A l'écart des jeunes fêtards, quelques jeunes femmes légèrement vêtues discutaient hardiment en fumant une cigarette. Probablement des strip-teaseuses, à en juger par le peu de vêtements qu'elles portaient sur elles et la couche de maquillage importante qui recouvrait leur visage. Elles étaient toutes les trois perchées sur des talons hauts, l'une d'entre elle faisait même la même taille que le plus grands des videurs.

A deux mètres d'elle, une fille encore plus jeune que les autres semblait fumer quelque chose qui, à l'odeur, différait légèrement du tabac que relâchaient les autres lèvres pulpeuses et collantes. Carmen plissa les yeux. Cette odeur, ces cheveux, cette allure désinvolte, ce piercing dans le nez, tous ces éléments réunis lui rappelaient des souvenirs.

« -Hé ! »

Carmen agita son bras à l'intention de la jeune fille. Les trois autres strip-teaseuses se retournèrent et lancèrent un regard dédaigneux à la grande robe bordeaux échouée lamentablement sur un trottoir. Mais la jeune fille, après un instant d'hésitation, reconnut son interlocutrice, sourit et se dirigea d'un pas enjoué vers Carmen.

« -Salut, dit cette dernière en lui rendant son sourire. Tu te souviens de moi ?

-Bien sûr, répliqua la jeune fille aux cheveux gris en lui faisant un clin d'œil complice. Tu as mauvaise mine. Pourquoi ces grands cernes ?

-J'ai des problèmes de sommeil.

-Problèmes de sommeil, ou problèmes personnels ?
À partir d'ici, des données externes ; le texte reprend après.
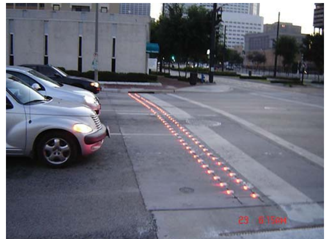
FIGURE 31 Intersection stop-bar IPM system application, Jefferson Street at Main Street Houston, Texas.

-Disons que les deux sont corrélés. »

La jeune fille aux cheveux gris s'assit près de Carmen. Sa tenue vestimentaire était différente de celle que Carmen avait aperçu lors de cette nuit étrange qu'elle avait vécu il y a deux semaines. Elle avait un collant couleur chair qui dissimulait mal sa peau puisque des trous détruisaient l'harmonie du tissu. Ses talons noirs étaient encore plus hauts que ceux de Carmen, mais elle ne semblait pas éprouver les mêmes difficultés pour se déplacer. Elle ne portait qu'une brassière si fine qu'elle ressemblait à un soutien-gorge, et seul un perfecto en cuir recouvrait ses épaules fines. Comme à son habitude, elle était extrêmement résistante au froid, contrairement à Carmen qui grelottait presque.

« -C'est ça que tu fais de tes soirées ? Traîner devant les boîtes de nuit ?

-Tu es déçue ? La jeune fille aux cheveux gris n'avait l'air ni étonnée, ni vexée, seulement sarcastique.